▸ **Dataset content**
==============================

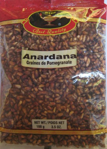 This souring agent is small, sun-dried seeds of the wild Indian pomegranate plant. They are available here in seed or powder form. Their tangy, sweet, slightly sour taste is added to curries, chutneys, dals and even desserts. These seeds are also used in tangy lamb and chicken dishes. These seeds ease flatulence and heartburn.
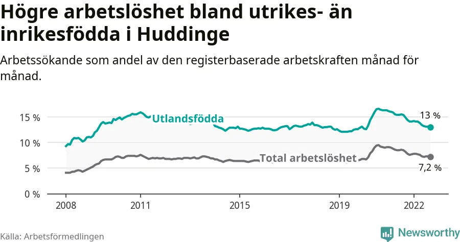 Skillnaden i arbetslöshet mellan utrikesfödda och hela befolkningen är 5,8 procentenheter i Huddinge. Det är en mindre skillnad än för ett år sedan (−0,9 procentenheter).
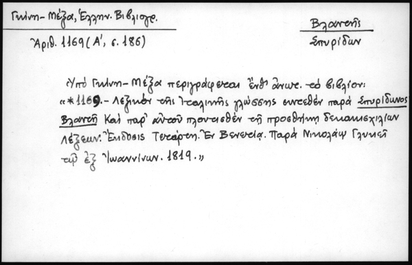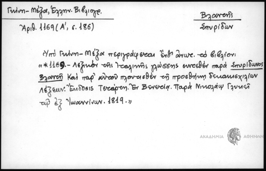 - Υπό Γκίνη - Μέξα περιγράφεται ένθ΄ ανωτ. το βιβλίον: "*1169 - Λεξικόν της Ιταλικής γλώσσης συντεθέν παρά Σπυρίδωνος Βλαντή και παρ΄ αυτού πλουτισθέν τη προσθήκη δεκακισχιλίων Λέξεων. Έκδοσις Τετάρτη. Εν Βενετία, παρά Νικολάω Γλυκεί τω εξ Ιωαννίνων, 1819"

==============================

▸ **Work order**
Write out the whole listing exactly. Pictures stay out.

▸ **Final answer**
 This souring agent is small, sun-dried seeds of the wild Indian pomegranate plant. They are available here in seed or powder form. Their tangy, sweet, slightly sour taste is added to curries, chutneys, dals and even desserts. These seeds are also used in tangy lamb and chicken dishes. These seeds ease flatulence and heartburn.
 Skillnaden i arbetslöshet mellan utrikesfödda och hela befolkningen är 5,8 procentenheter i Huddinge. Det är en mindre skillnad än för ett år sedan (−0,9 procentenheter).
 - Υπό Γκίνη - Μέξα περιγράφεται ένθ΄ ανωτ. το βιβλίον: "*1169 - Λεξικόν της Ιταλικής γλώσσης συντεθέν παρά Σπυρίδωνος Βλαντή και παρ΄ αυτού πλουτισθέν τη προσθήκη δεκακισχιλίων Λέξεων. Έκδοσις Τετάρτη. Εν Βενετία, παρά Νικολάω Γλυκεί τω εξ Ιωαννίνων, 1819"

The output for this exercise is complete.